╭──
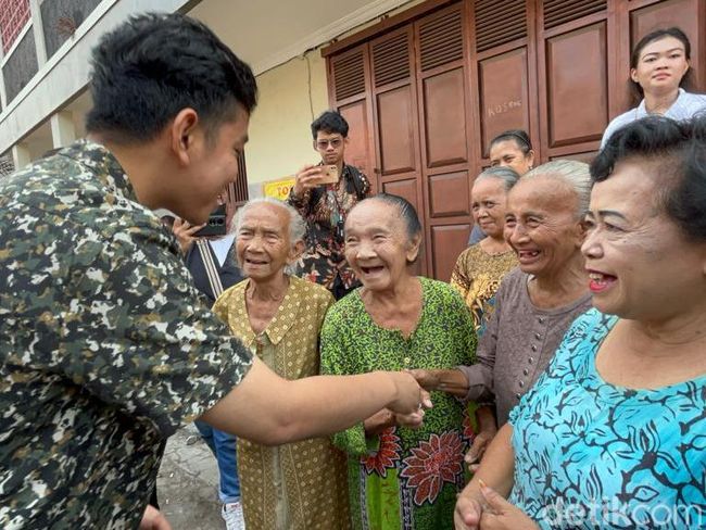 Pantauan detikJateng, Gibran menyalami satu-satu warga yang telah menunggu di depan. Sejumlah warga tampak semringah melihat Gibran datang ke kampungnya.
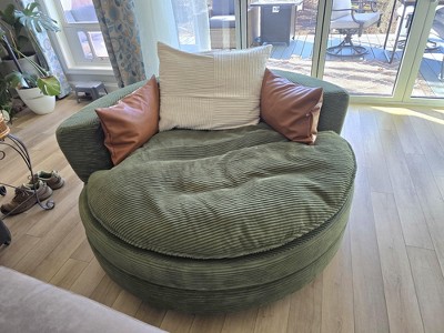 360° Swivel Sofa Chair - Corduroy Accent Barrel Chair with Dual-Layer Cushion & 3 Pillows, Beige - ModernLuxe
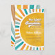 Encharcado em um design retrosolar, esse convite é uma maravilhosa mistura de estética nostálgica e funcionalidade contemporânea. O motivo é um espantoso conjunto de matizes amarelos, azuis, cor de laranja e terracota que criam uma atmosfera quente e convidativa, diretamente do morcego.
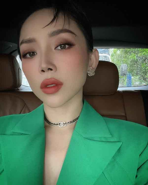 Ca sĩ Tóc Tiên thần thái trong bộ vest màu xanh muốn được làm “một nhành hoa, một cành lá”.
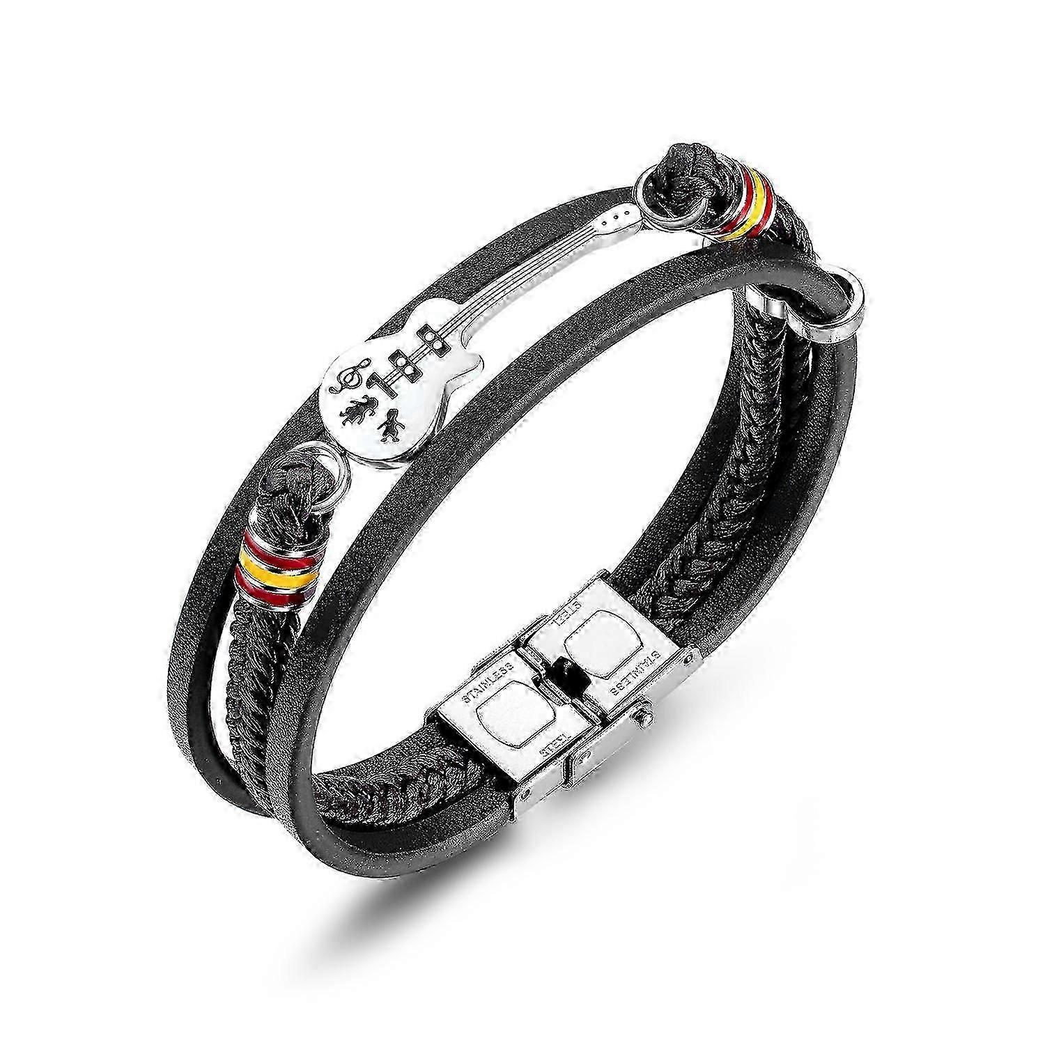 Stainless Steel Braided Multi-Layer Leather Guitar Bracelet for Music Enthusiasts
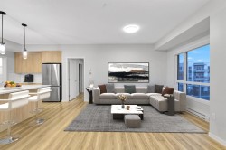 Discover life at Seton Summit, one of Calgary’s most desirable master-planned communities by Cedarglen Living. This beautifully appointed third-floor residence offers three bedrooms and two full bathrooms within 1,189 square feet of intelligently planned living space (1,269 sq.ft. builder size). The open layout is enhanced by 9-foot knockdown ceilings, luxury vinyl plank flooring, and an abundance of natural light throughout.With sunny southern exposure, the home opens onto an impressive balcony stretching more than 20 feet—an ideal setting for morning coffee, evening relaxation, or hosting friends. The kitchen is a standout, featuring full-height cabinetry, quartz countertops, an undermount sink, stainless steel appliances, upgraded lighting, a walk-in pantry, and a generous island that connects effortlessly to the living and dining areas.The primary bedroom offers a private and peaceful retreat, complete with a walk-in closet and a well-appointed four-piece ensuite with dual sinks and a walk-in shower. Two additional bedrooms allow for versatility, whether accommodating family, guests, or a dedicated home office. A conveniently located laundry and storage room, along with a second full bathroom, round out the efficient floor plan.Additional highlights include clear glass balcony railings, triple-pane windows, and air conditioning for year-round comfort. Residents also benefit from low condo fees, ample visitor parking, separate storage, and dedicated bike storage. The building is pet-friendly, allowing up to two pets weighing up to 35 kg. Underground titled parking and included roller blinds add to the everyday convenience.Located just steps from the world’s largest YMCA, the Seton HOA, shopping, dining, cafés, and the South Health Campus Hospital, this home offers an exceptional combination of lifestyle, comfort, and practicality in one of Calgary’s most vibrant communities.
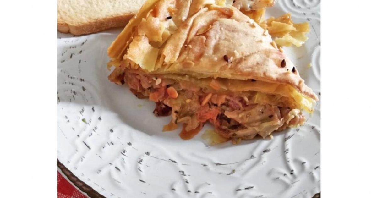 Κατόπιν, απλώνουμε σε ταψί το ένα φύλλο σφολιάτα αδειάζουμε τη γέμιση, σκεπάζουμε με το άλλο φύλλο, χαράζουμε την πίτα και την ψήνουμε στους 180 βαθμούς, στον αέρα, για περίπου μισή ώρα ή έως ότου να ροδίσει το φύλλο.
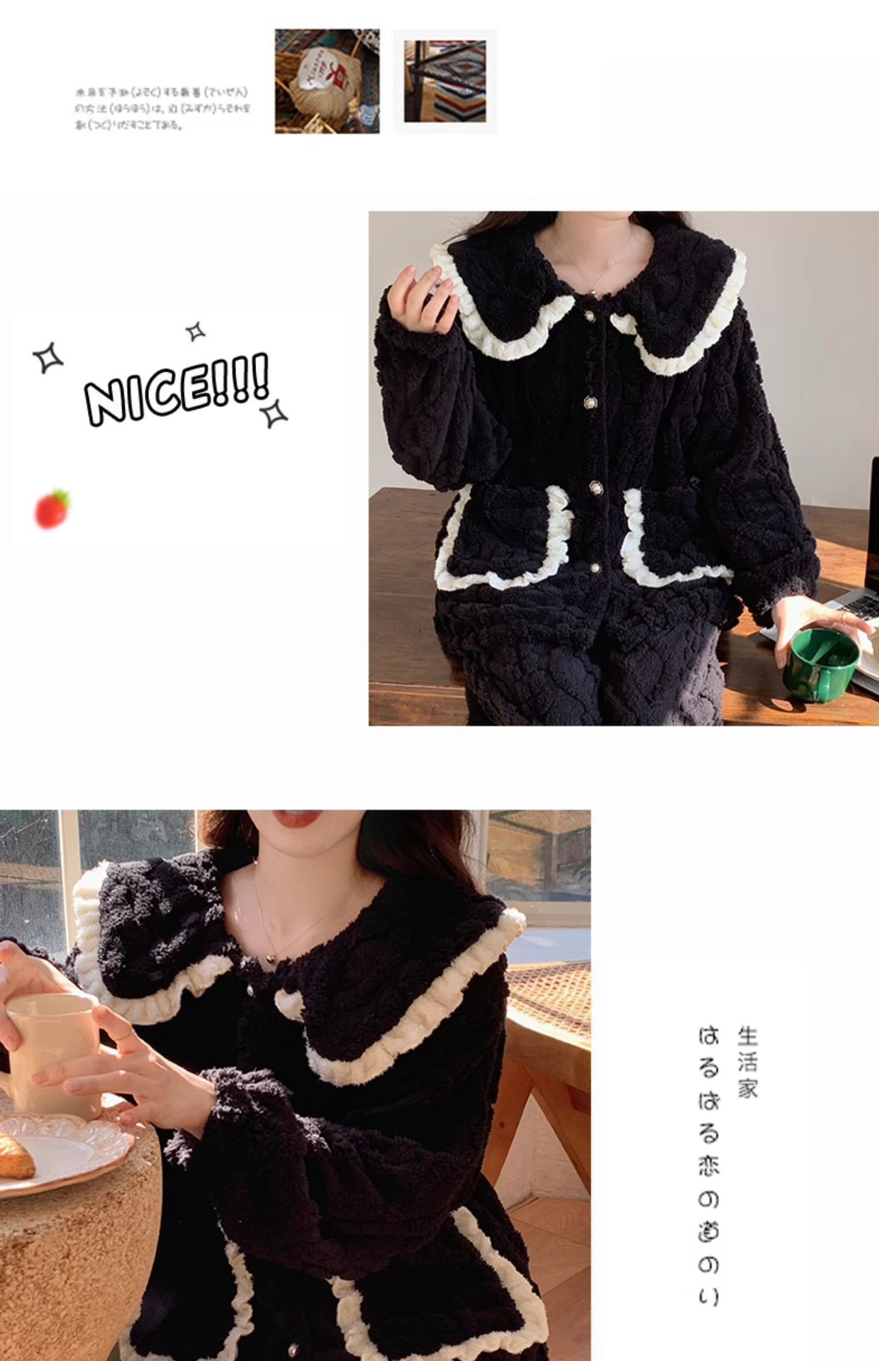 【ins小香风❗️珊瑚绒家居服套装】甜美公主风,加绒加厚,轻柔舒适耐穿❗️超暖冬季柔软新款保暖睡衣女套装
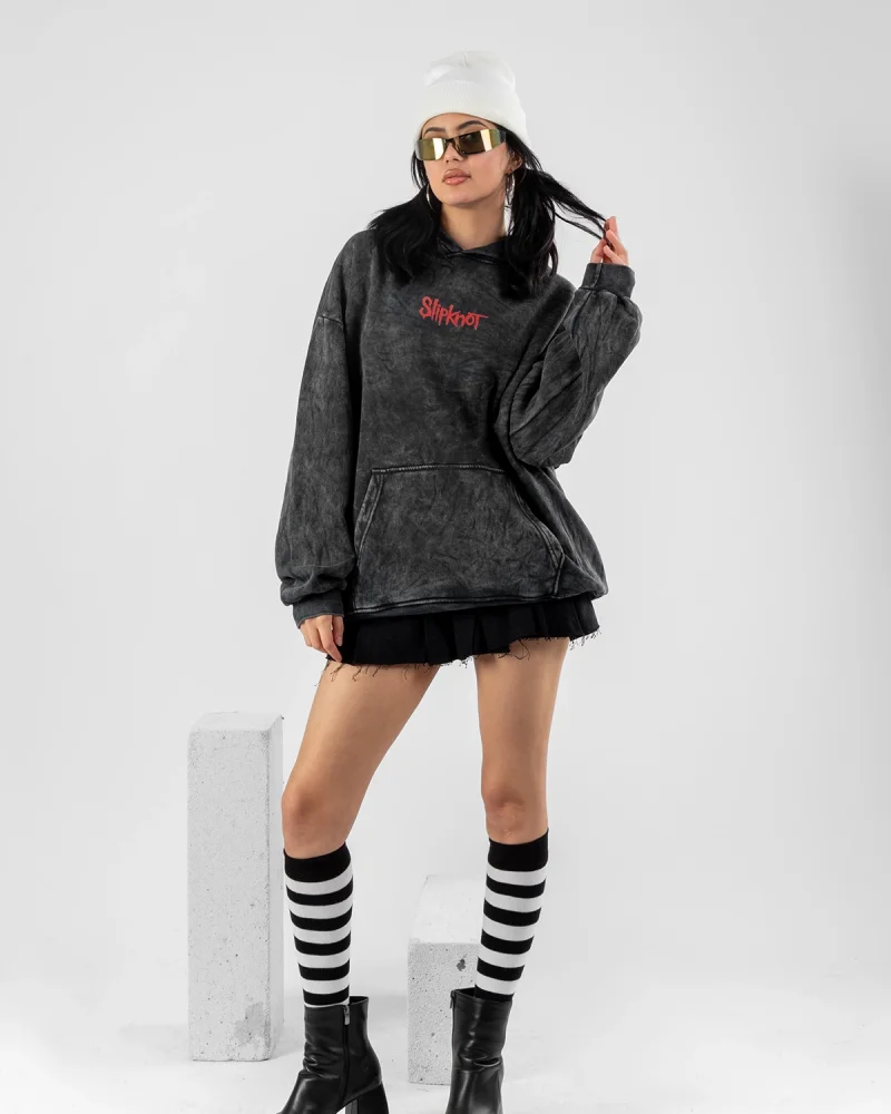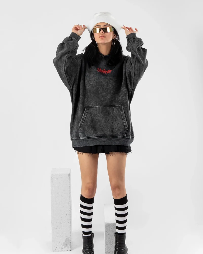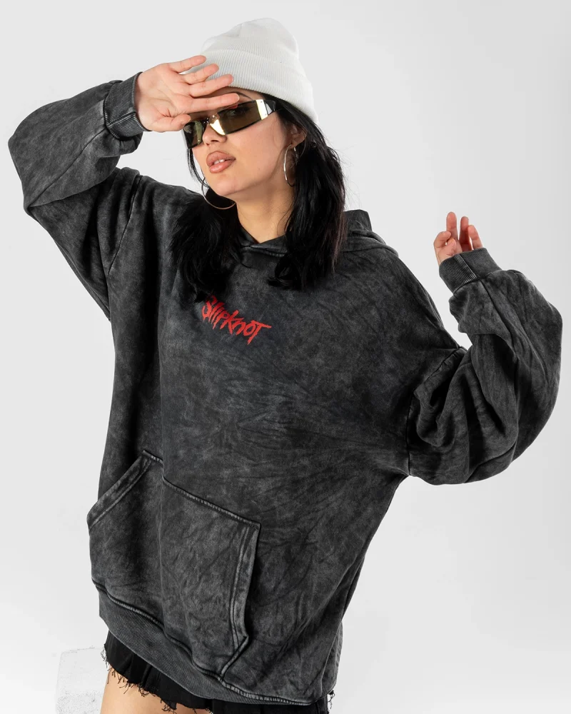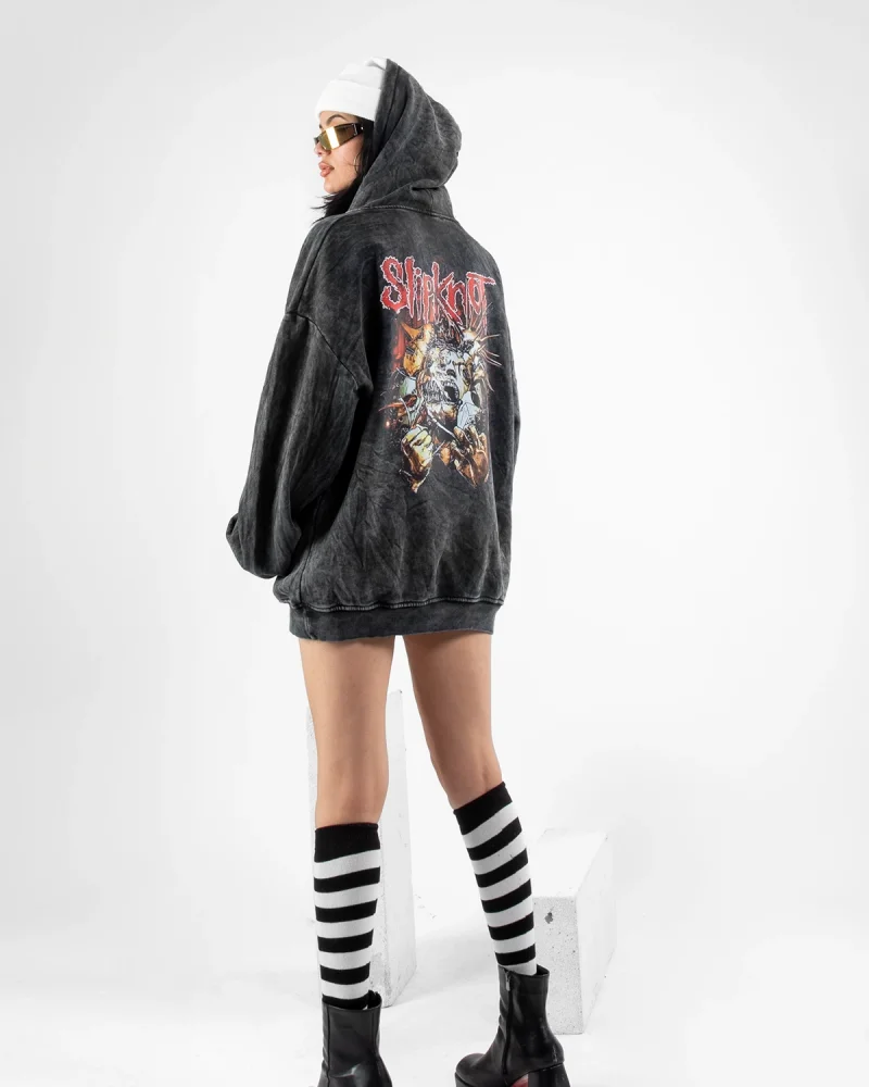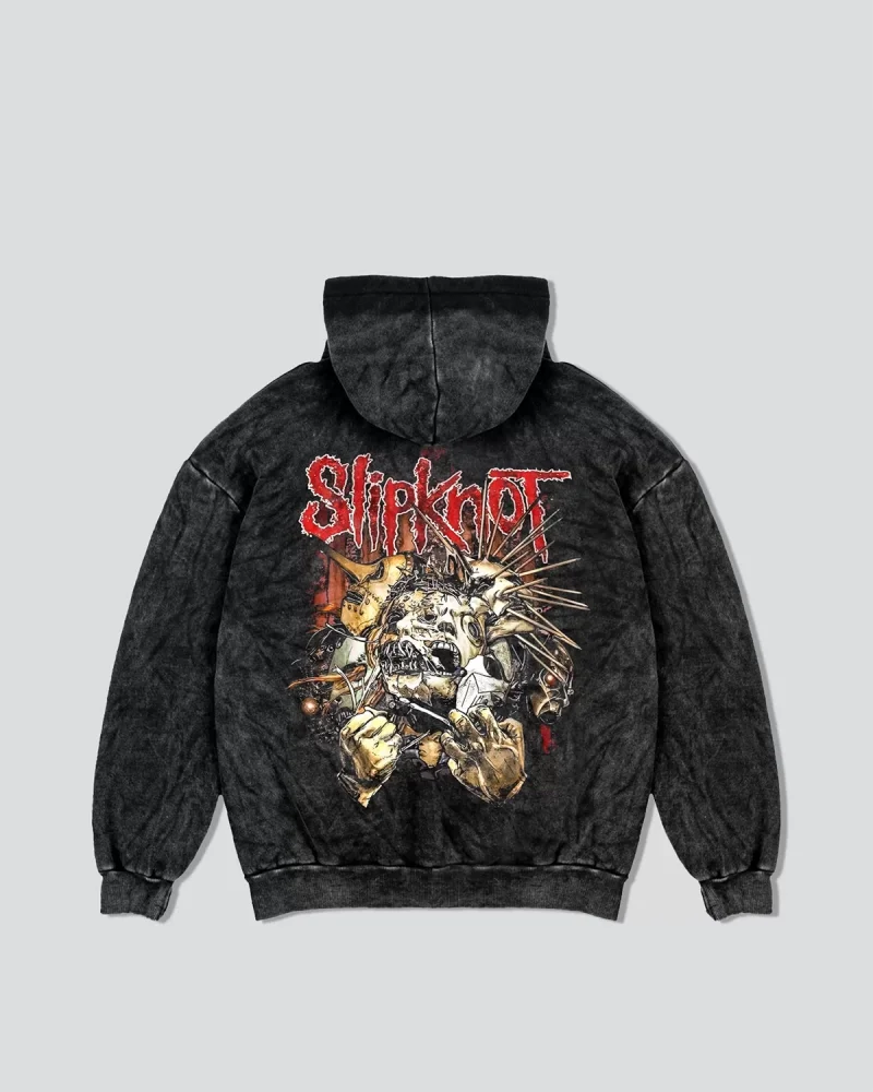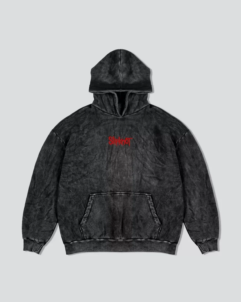 Yıkamalı Slipknot Sırt Baskılı Siyah Oversize Unisex Hoodie
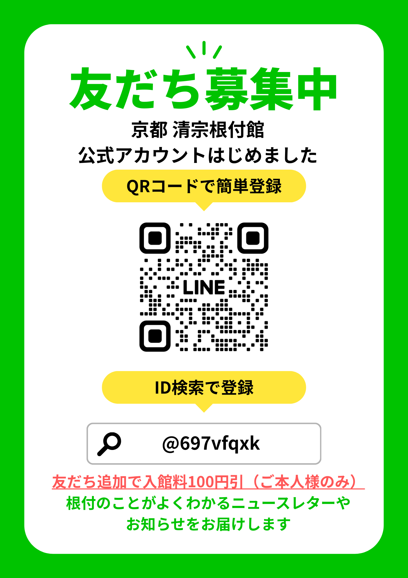 友だち追加後に、公式LINEからスマートフォンに届いたメッセージ画面を受付でご提示くださったかたへ、来館時に100円引きいたします。
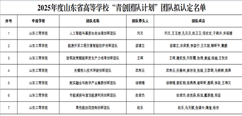 根据山东省教育厅科技处的通知要求,现将2025年度山东省高等学校“青创团队计划”团队拟认定名单予以公示,公示期为2026年1月4日至2026年1月8日。公示期间如有异议,可以书面形式向科研处提出。联系人:潘丽娟 电话:6916168
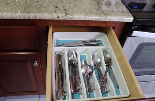 Kitchen: fully stocked. dishwasher, stove/range/oven, full refrigerator with ice maker, microwave. Seating for four. Service for eight. Both a drip and Keurig coffee pot are offered for guest use.
╰──
**TASK TO COMPLETE:** Only lines go in the copy, not pictures. Transcribe exactly from the start of the listing through the line containing "Stainless Steel Braided".

**ANSWER SECTION:**
 Pantauan detikJateng, Gibran menyalami satu-satu warga yang telah menunggu di depan. Sejumlah warga tampak semringah melihat Gibran datang ke kampungnya.
 360° Swivel Sofa Chair - Corduroy Accent Barrel Chair with Dual-Layer Cushion & 3 Pillows, Beige - ModernLuxe
 Encharcado em um design retrosolar, esse convite é uma maravilhosa mistura de estética nostálgica e funcionalidade contemporânea. O motivo é um espantoso conjunto de matizes amarelos, azuis, cor de laranja e terracota que criam uma atmosfera quente e convidativa, diretamente do morcego.
 Ca sĩ Tóc Tiên thần thái trong bộ vest màu xanh muốn được làm “một nhành hoa, một cành lá”.
 Stainless Steel Braided Multi-Layer Leather Guitar Bracelet for Music Enthusiasts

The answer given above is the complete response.